Application to the Facts

Applying these principles, Lord Hoffmann concluded that the literal meaning of Section 3(b) produced a commercially absurd result. He argued that the ‘background’ revealed that the purpose of the assignment was for the ICS to acquire all valuable claims in order to ‘stand in the shoes’ of the investors it had compensated. The literal interpretation, where investors retained claims for damages, defeated this purpose entirely.

He determined that something had ‘gone wrong with the language’ and the drafter had made a mistake. The reasonable person, aware of the commercial context, would understand that the phrase ‘or otherwise’ in ‘sounding in rescission… or otherwise’ was intended to refer to claims similar in nature to rescission, not to all claims whatsoever. The court corrected the drafting’s effect by interpreting the clause to mean that only claims for rescission and the associated rights to reduce mortgage repayments were retained by the investors. All other claims, including those for damages, were successfully assigned to the ICS.

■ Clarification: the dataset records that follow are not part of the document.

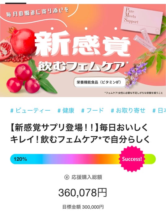 株式会社Mahaloのセルフケアブランド「mycy」Makuakeプロジェクト|フェムケアサプリ「Pure Meets Support」30分で目標達成!
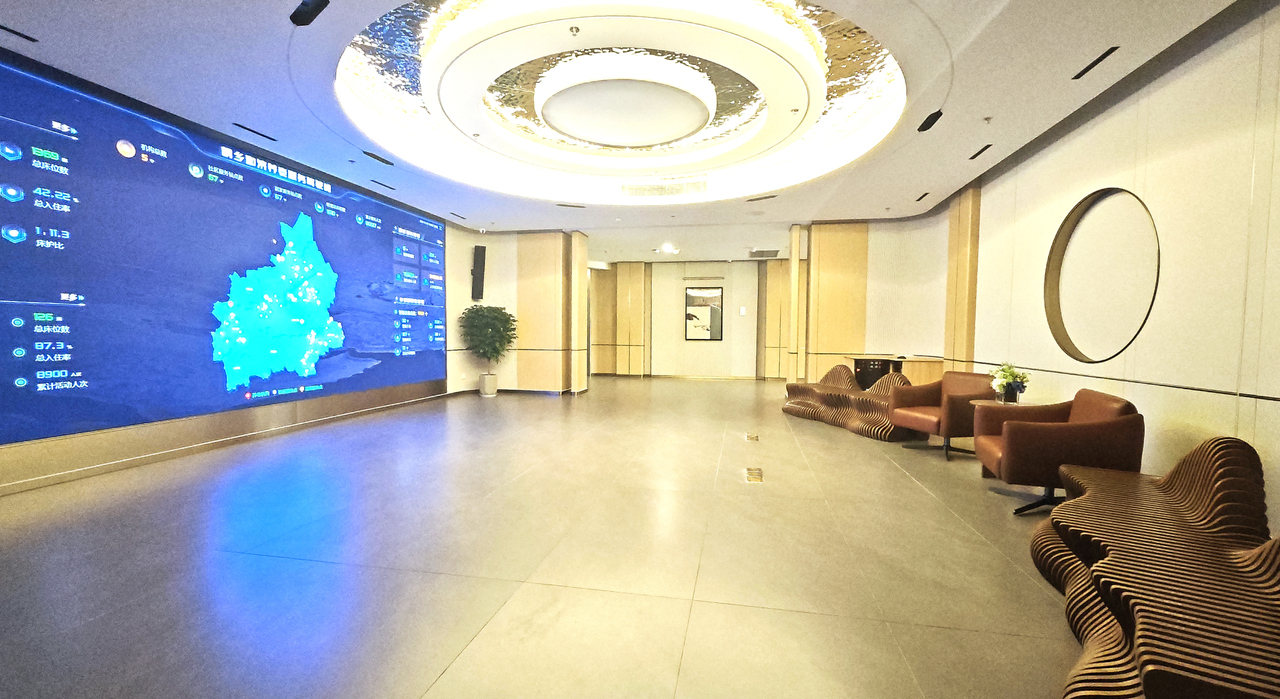 進入中心,映入眼簾的是占據(jù)整面墻的智能大屏,中心內所有公共區(qū)域的實時場景一覽無余。
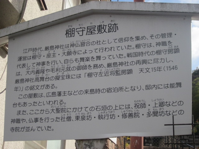 宮島一古い街並みとして知られる滝小路沿いにある名所の一つですが、こちらに関しては、”跡”の呼称が示す通り、現在は残念ながら往時の遺構は残されていません。
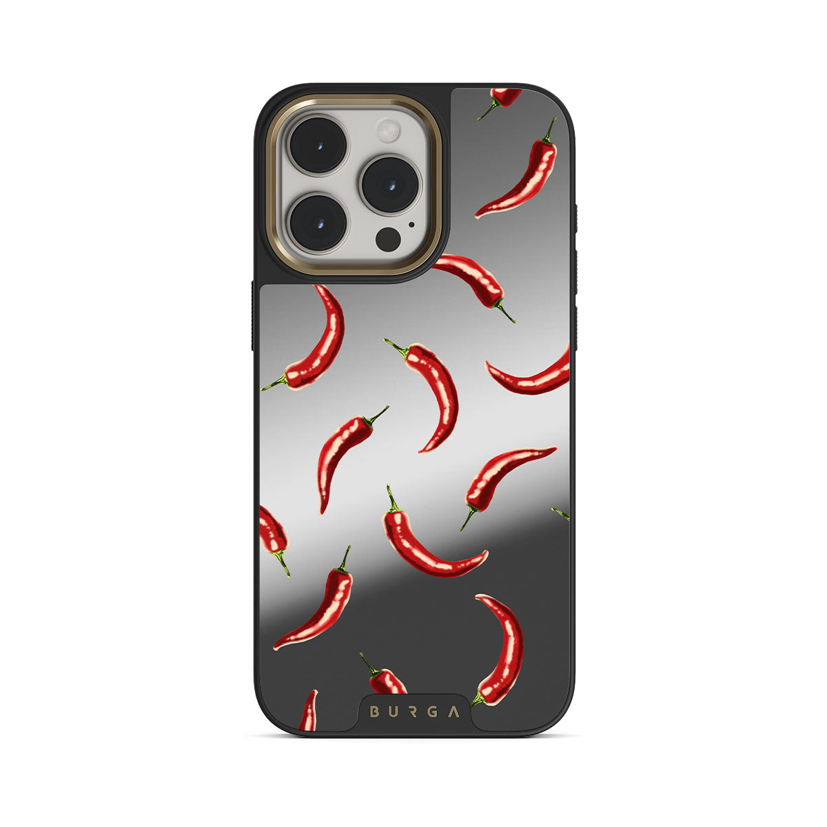 Główne elementy projektu: papryczki chili, pikantne jedzenie, czerwone papryki, lustro

Lord Lloyd delivered a dissenting judgment, arguing for a more traditional and literal interpretation. He found the words of the clause to be unambiguous and believed the court was overstepping its role by effectively rewriting the contract for the parties.

Implications

The judgment in Investors Compensation Scheme v. West Bromwich Building Society is a watershed moment in the English law of contractual interpretation. It decisively shifted the judicial approach from a strict, literal method to a modern, contextual, and purposive one grounded in commercial common sense. Lord Hoffmann’s five principles became the leading authority for decades, empowering courts to look beyond the text to the ‘matrix of fact’ to ascertain the objective intentions of the parties and to correct apparent drafting errors to avoid absurd outcomes. While hugely influential, the decision has also sparked debate about the certainty of contractual language and the boundary between interpretation and rectification. Subsequent case law, such as Arnold v Britton, has sought to balance the Hoffmann approach by re-emphasising the primary importance of the natural meaning of the words used in the contract.

Verdict: The appeal was allowed.

Source: Investors Compensation Scheme v. West Bromwich Building Society [1997] UKHL 28

Cite this work:

To cite this resource, please use the following reference:

National Case Law Archive, 'Investors Compensation Scheme v. West Bromwich Building Society [1997] UKHL 28' (LawCases.net, August 2025) <https://www.lawcases.net/cases/investors-compensation-scheme-v-west-bromwich-building-society-1997-ukhl-28/> accessed 8 November 2025

Status: Positive Treatment

Investors Compensation Scheme (ICS) v. West Bromwich Building Society remains the foundational authority for the modern law of contractual interpretation in England and Wales. Its principles, laid down by Lord Hoffmann, are consistently cited and applied. Subsequent key Supreme Court decisions, notably Arnold v. Britton [2015] UKSC 36 and Wood v. Capita Insurance Services Ltd [2017] UKSC 24, have not overruled ICS. Instead, they have clarified and refined its application. Wood v. Capita explicitly confirmed that the approaches in ICS (emphasising commercial context) and Arnold (emphasising the text) are not conflicting but are part of a single, unitary exercise of interpretation. Therefore, the authority of ICS has been affirmed and synthesised into the current legal framework, not diminished or overruled.